SSH HuggingFace GPT-2 to GGUF

SSH HuggingFace GPT-2 to GGUF | Generated by AI

Home 2026.06

Question: Explain what this SSH one-liner does — it converts a HuggingFace GPT-2 model to GGUF format.

Answer:

This runs a Python script over SSH on a remote GPU box (root@<IP_ADDRESS>) that converts your fine-tuned sec-edgar-gpt-124m GPT-2 model from HuggingFace format into a single .gguf file for llama.cpp/ollama inference.

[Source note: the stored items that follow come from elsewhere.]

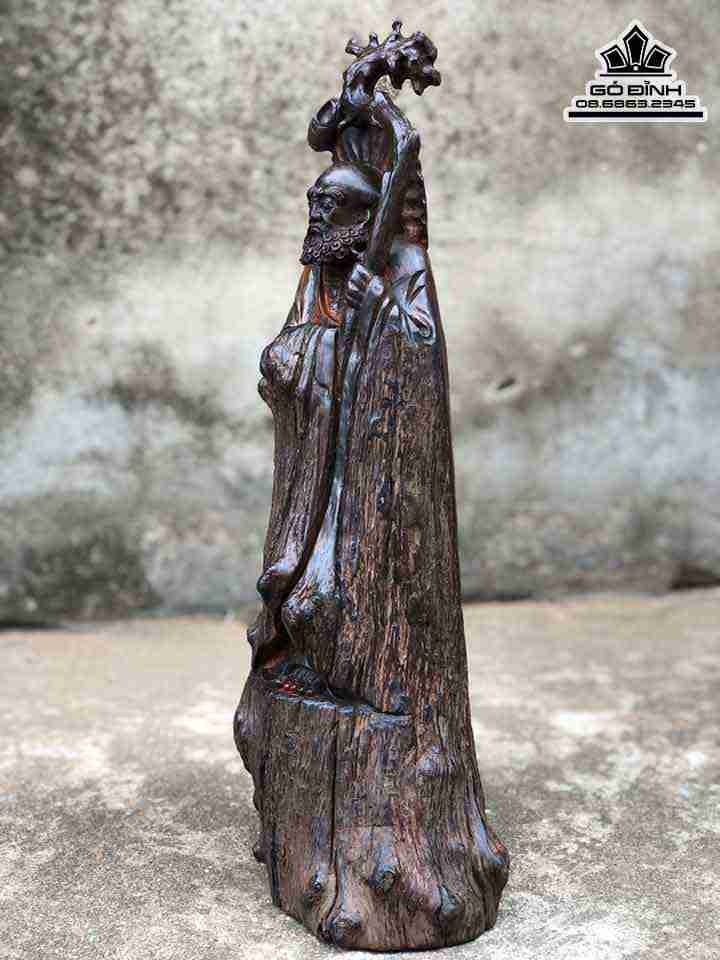 Tượng Đạt Ma Gỗ Trắc Cao 41 Rộng 16 Dày 9 (cm)
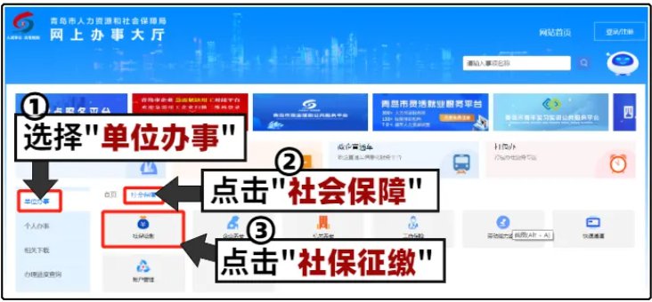参保单位可登录青岛市人社局官网(http://hrss.qingdao.gov.cn)进行在线申报,单位人数50人以下的使用“年度缴费基数申报”模块直接申报,50人以上的使用“年度缴费基数导入”模块申报。
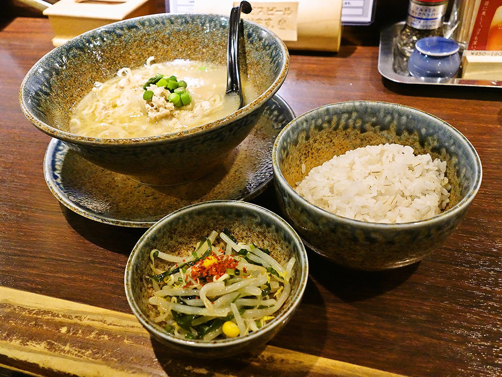 ラーメンが小サイズの代わりに「ナムル」と「むぎごはん」がセット!
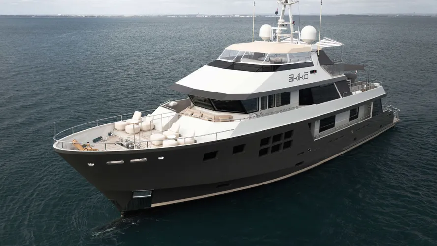The striking 34.2m expedition yacht AKIKO makes her Med debut this season. Originally launched by Alloy Yachts, she now blends timeless design with modern performance — the perfect luxury platform for adventurous cruising in style.
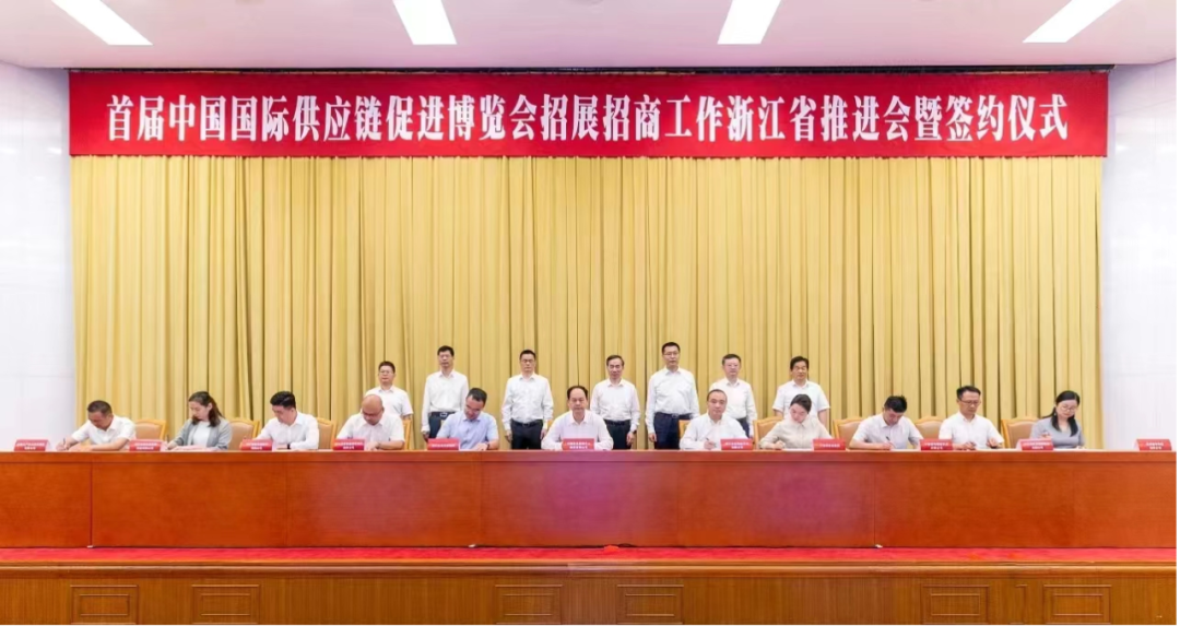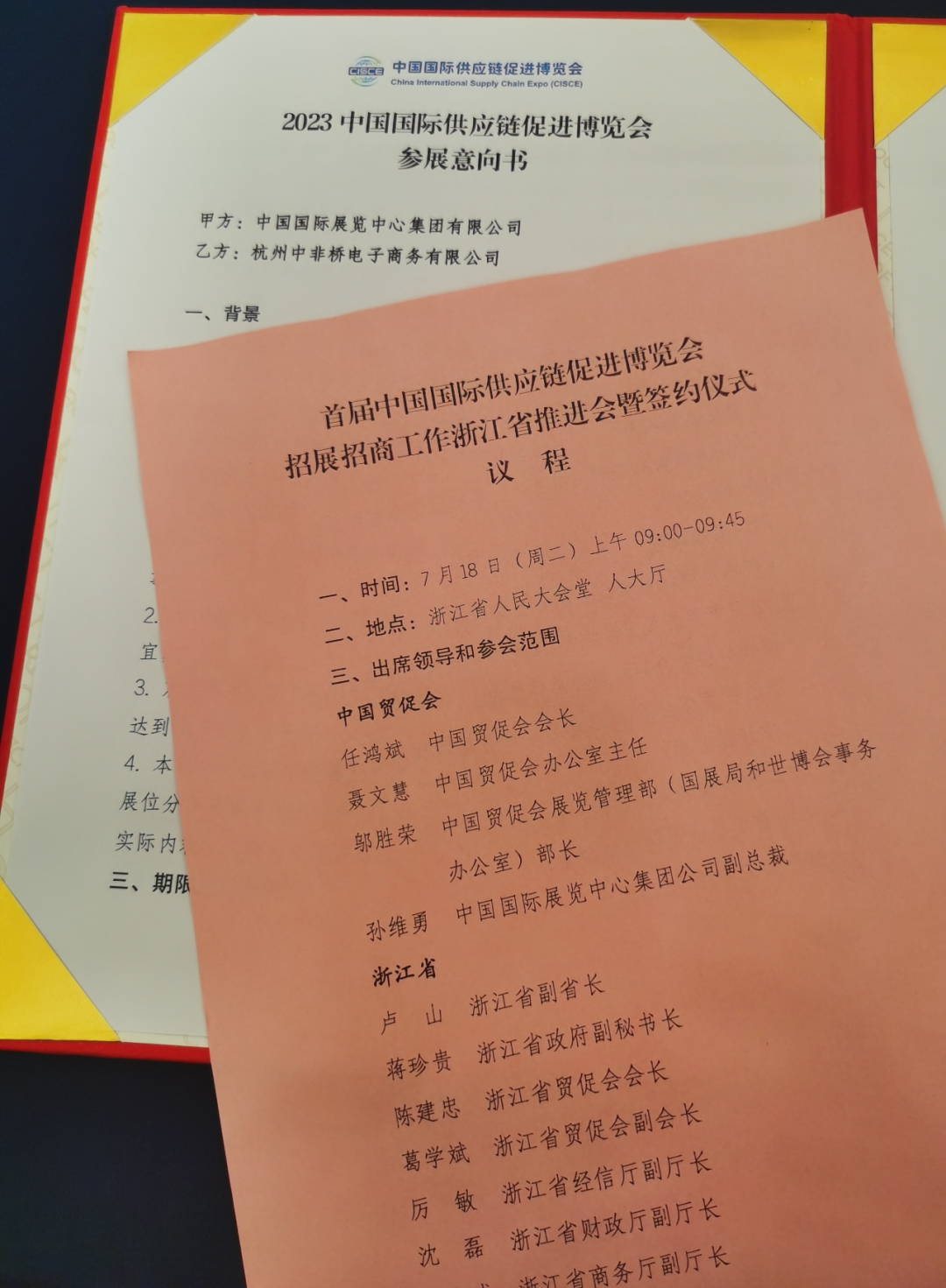 7月18日,首届中国国际供应链促进博览会招展招商工作浙江省推进会暨签约仪式在杭州举行。中国贸促会会长任鸿斌、浙江省副省长卢山出席会议并讲话。中非桥作为全省筛选的45家供应链服务代表性企业之一参加了会议及签约。
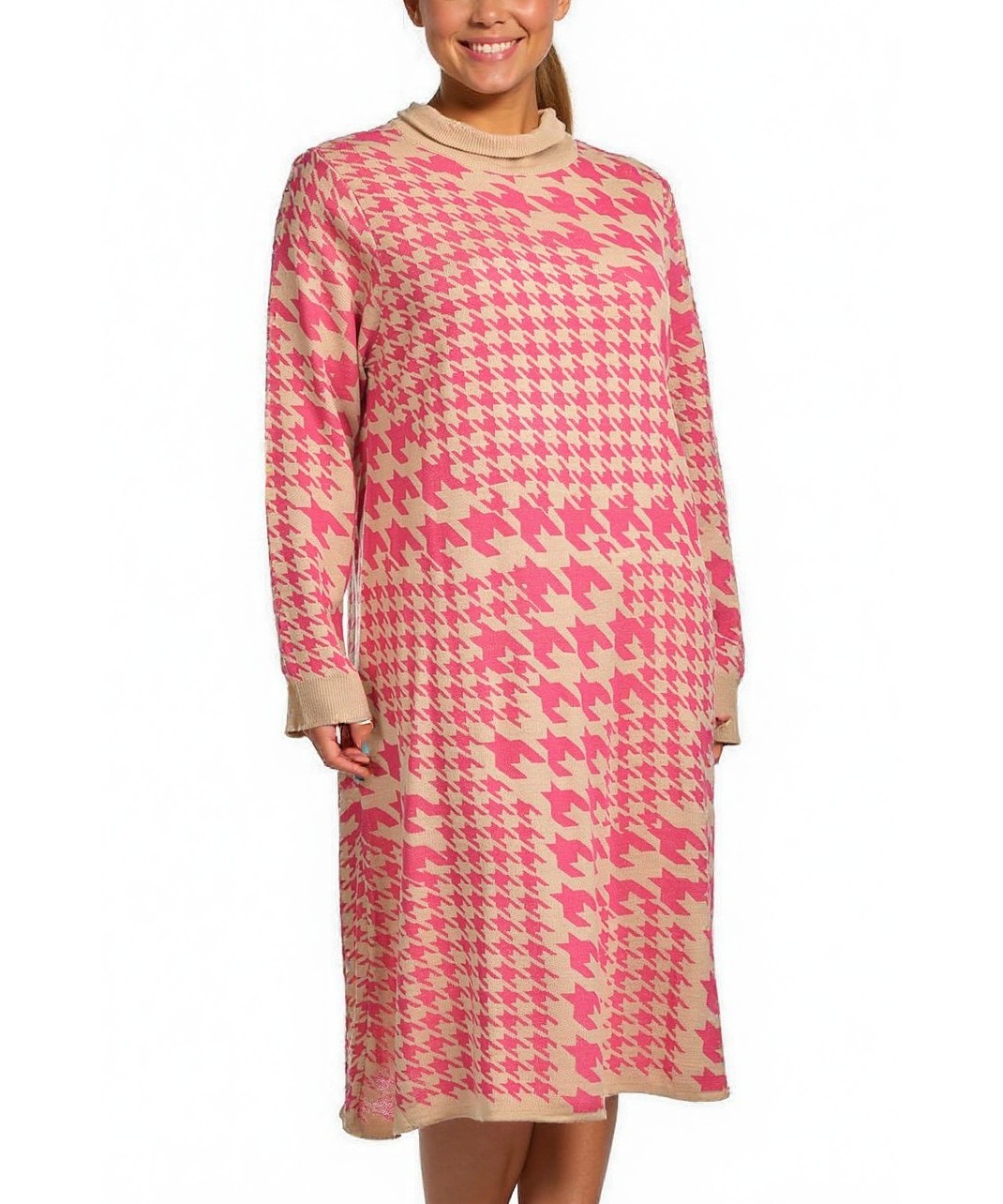 Релаксирана рокля тип пуловер в бежово и розово с голям „гълъбов зъб“ десен. Дълги ръкави, леко отпускана кройка, средна дължина. Удобна, стилна и подходяща за ежедневно носене. Идеална за офис и уик.

Walking through it layer by layer:

1. Tokenizer reconstruction

vocab = td["model"]["vocab"]          # {token_str: id}
nv = len(vocab)
toks = [""] * nv
for s, i in vocab.items(): toks[i] = s   # invert to id-ordered list
for i, c in added.items():               # overlay added_tokens
    if i < nv: toks[i] = c
tb = [t.encode("utf-8") for t in toks]   # token bytes
mb = ["".join([a,b]).encode("utf-8") for a,b in td["model"]["merges"]]  # BPE merges

GGUF stores the tokenizer inline. It inverts the {token: id} map into an id-indexed list, overlays special/added tokens, then encodes both the token list and the BPE merge pairs as UTF-8 bytes. The merges are what let llama.cpp rebuild the exact BPE encoder.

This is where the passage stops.